How they look in the symbol table matters when you're having problems 
getting things to link properly or getting error messages from the 
linker or looking at exported names from a DLL or using a debugger 
without full debug info or using a disassembler, etc.

> Besides, couldn't one arrange things so that 'operator+' appeared in the 
> symbol table as something like '__operator_plus' if one so desired?

Yes, one could. But it's one less level of indirection to connect 
"opAdd" in the symbol table with "opAdd" in the source code.

>> 3) it encourages the use of operating overloading for arithmetic 
>> purposes, rather than "parse this predicate once", which happens with 
>> C++ operator overloading.
> I suppose.  But I suspect programmers will likely see it as a feature 
> they can use no matter what you call it.  C++ books generally recommend 
> not overloading + for things that are semantically unrelated to adding, 
> but people do it anyway.  Similarly people use static opCall in D as a 
> constructor.  If the programmer really wants a succinct syntax for some 
> common operation, then they're going to consider operator overloading as 
> one of their design choices, no matter what those methods are called.

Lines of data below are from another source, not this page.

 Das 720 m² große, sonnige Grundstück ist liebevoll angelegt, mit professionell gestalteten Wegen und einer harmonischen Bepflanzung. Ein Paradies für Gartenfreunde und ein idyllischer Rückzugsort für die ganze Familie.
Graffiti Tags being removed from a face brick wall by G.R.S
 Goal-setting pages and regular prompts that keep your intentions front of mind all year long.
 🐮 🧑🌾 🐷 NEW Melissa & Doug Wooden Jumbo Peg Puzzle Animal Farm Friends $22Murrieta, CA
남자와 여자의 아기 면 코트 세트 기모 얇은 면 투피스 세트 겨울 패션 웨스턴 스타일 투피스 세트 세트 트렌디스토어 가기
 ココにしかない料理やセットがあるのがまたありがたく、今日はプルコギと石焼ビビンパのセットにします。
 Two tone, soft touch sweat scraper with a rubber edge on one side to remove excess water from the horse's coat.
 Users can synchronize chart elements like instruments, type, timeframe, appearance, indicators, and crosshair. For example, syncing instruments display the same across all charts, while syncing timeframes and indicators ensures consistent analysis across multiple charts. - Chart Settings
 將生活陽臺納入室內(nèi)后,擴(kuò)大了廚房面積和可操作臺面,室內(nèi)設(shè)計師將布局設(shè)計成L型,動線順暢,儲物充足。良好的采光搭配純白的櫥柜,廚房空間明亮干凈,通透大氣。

Programmers can and will do whatever they want, but it helps to 
encourage correct usage by following the dictum "if it looks wrong, it 
probably is wrong". And overloading opAdd to be "parse" is going to look 
wrong, wrong, wrong.

>> 4) operators that are mathematically related can be derived from each 
>> other: in C++ the == and != are separately overloadable. Anyone who 
>> wants to do mathematical overloading has to do both and take care that 
>> one actually is the not of the other. With opEquals, one function can 
>> serve both. This makes more of a difference with <, <=, >, >= where 4 
>> overloads are replaced by opCmp.
> 
> Well, operator < alone is used in C++, and via similar mathematical 
> identities you can construct <=, >, >= out of it.
> given a < b operator we have:
> 
> a > b  ===  b < a
> a <= b === !(b<a)
> a >= b === !(a<b)

I know you can construct those identities in C++, but the point is you 
have to manually construct them every time, which is tedious and a 
source of error. C++ won't do it for you.

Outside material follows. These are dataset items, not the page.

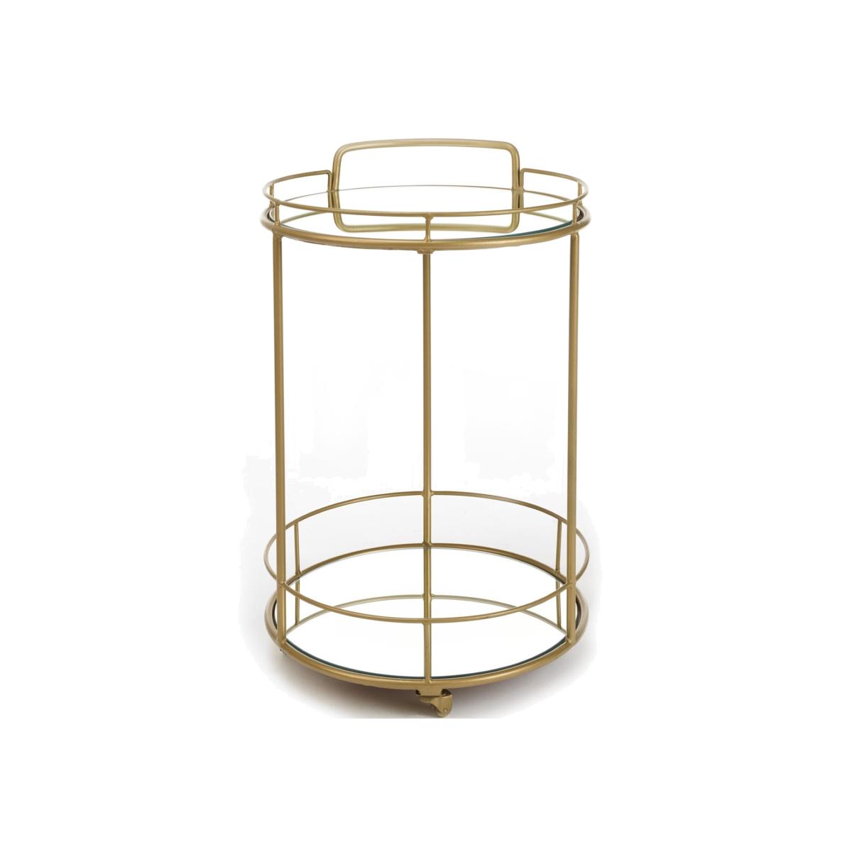 This round gold drinks trolley with mirrored glass is a chic and functional accent piece, perfect for entertaining in style. The trolley features a sleek, circular design with a luxurious gold metal frame that adds a touch of glamour and sophistication to any space. Two tiers of mirrored glass shelves reflect light and enhance the trolleys elegant appearance, while providing ample space for storing and displaying drinks, glassware, or bar accessories. Equipped with smooth rolling caster wheels, this drinks trolley can easily move from room to room, making it a versatile addition to your home. Whether used as a mobile bar cart for cocktail parties or as a stylish storage solution for your dining or living area, its both practical and visually striking. The combination of the gold finish and mirrored surfaces creates a contemporary yet timeless design, making this drinks trolley a standout feature in any setting.
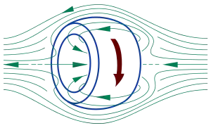 Rotating magnetic fields have also been used to drive current.[29] In such experiments, as above, gas is ionized and an axial magnetic field is produced. A rotating magnetic field is produced by external magnetic coils perpendicular to the axis of the machine, and the direction of this field is rotated about the axis. When the rotation frequency is between the ion and electron gyro-frequencies, the electrons in the plasma co-rotate with the magnetic field (are "dragged"), producing current and reversing the magnetic field. More recently, so-called odd parity rotating magnetic fields[30] have been used to preserve the closed topology of the FRC.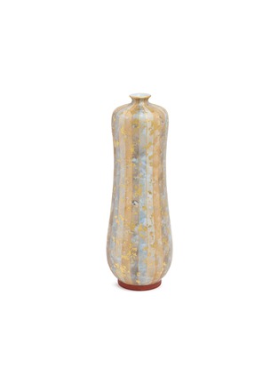This exquisite ceramic vase showcases masterful Japanese craftsmanship with its elegant bottle-gourd silhouette and luminous striped glaze. Crafted using the technique of kinrade to create a sophisticated linear pattern, the piece is enhanced by delicate speckled detailing that adds organic texture and depth. This sophisticated vessel transforms any space into a curated gallery.

>> 5) Note C++'s inability to distinguish operator[] as an lvalue and as 
>> an rvalue. D has opIndexAssign and opIndex.
> 
> Seems C++ does ok there:
> type& operator[]() { }      // lvalue case
> type operator[]() { } const // rvalue case

That's by learned and commonly followed convention, not by design. Even 
worse, the lvalue case is restricted to only allow assignment through 
the reference - making it impossible to have an lvalue case where some 
post processing needs to be done with the new contents of the lvalue.

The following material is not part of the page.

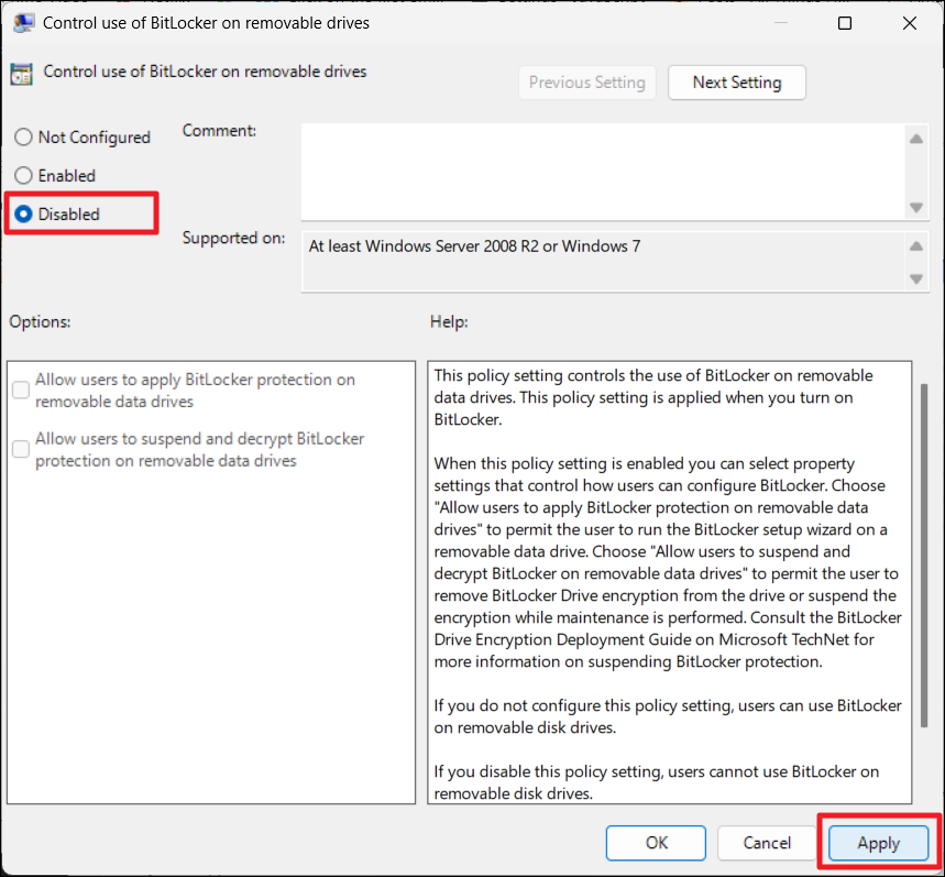 4. Velg "Funksjonshemmet" og klikk "Søke” for å forhindre BitLocker-aktivering på eksterne stasjoner.

> Really this 'hard to remember' point is the main reason I think symbols 
> for operator overloads would be superior.  Something like this, though I 
> realize totally hopeless, would nonetheless be nice:
> 
> (Let 'i' mean 'this', though 'this' could be used instead.
>  Let 'x' (or any non-i letter) mean the other thing where needed.)
> 
> operator[-i]   -- opNeg
> operator[+i]   -- opPos
> operator[~i]   -- opCom
> operator[i++]  -- opPostInc
> operator[i--]  -- opPostDec
> operator[i+]   -- opAdd
> operator[x+i]  -- opAdd_r
> operator[i==]  -- opEquals
> operator[i+=]  -- opAddAssign
> operator[i in] -- opIn
> operator[in i] -- opIn_r
> operator[i[]]  -- opIndex
> operator[i[]=] -- opIndexAssign
> operator[i[..]] -- opSlice
> operator[i[..]=] -- opSliceAssign
> etc...
> 
> Then I don't have to remember what name the language chose to represent 
> the operator, I just have to remember the syntactical situation in which 
> I want that operator to be invoked.

You'd have to remember the funky syntactical oddities for each operator 
in the above notation (note that it's inconsistent). I don't think 
there's any real improvement.

> The only issue is I think opApply / opApplyReverse, and there the 
> problem is that these are not really operators to begin with, they're 
> iterators.  Unlike an operator they have no associated syntax.

Using the opXxxx convention does enable the overloading of operations 
that do not have an obvious operator symbol.